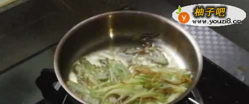 2然后,另起锅倒油,放入已经切好的葱丝,用小火慢慢煸成焦黄色;
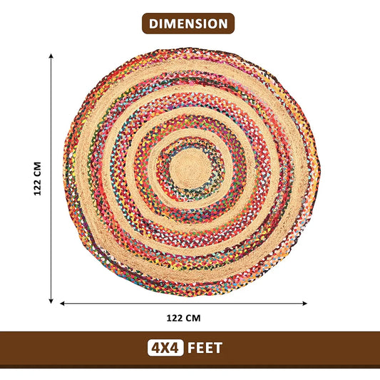 Kuber Industries Satranji Round Jute Rug & Carpet for Home & Bedroom Thick Lines Beige
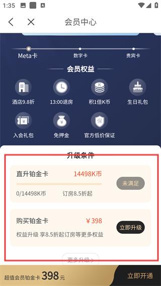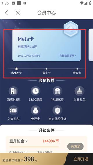 3、查看【Meta卡】权益,含酒店-9.8折、13:00-退房等,了解会员基础福利。

# WHAT THE EXERCISE ASKS
Would you please retype the material above exactly and leave out each picture?

# RESPONSE AREA
 2然后,另起锅倒油,放入已经切好的葱丝,用小火慢慢煸成焦黄色;
 Kuber Industries Satranji Round Jute Rug & Carpet for Home & Bedroom Thick Lines Beige
 3、查看【Meta卡】权益,含酒店-9.8折、13:00-退房等,了解会员基础福利。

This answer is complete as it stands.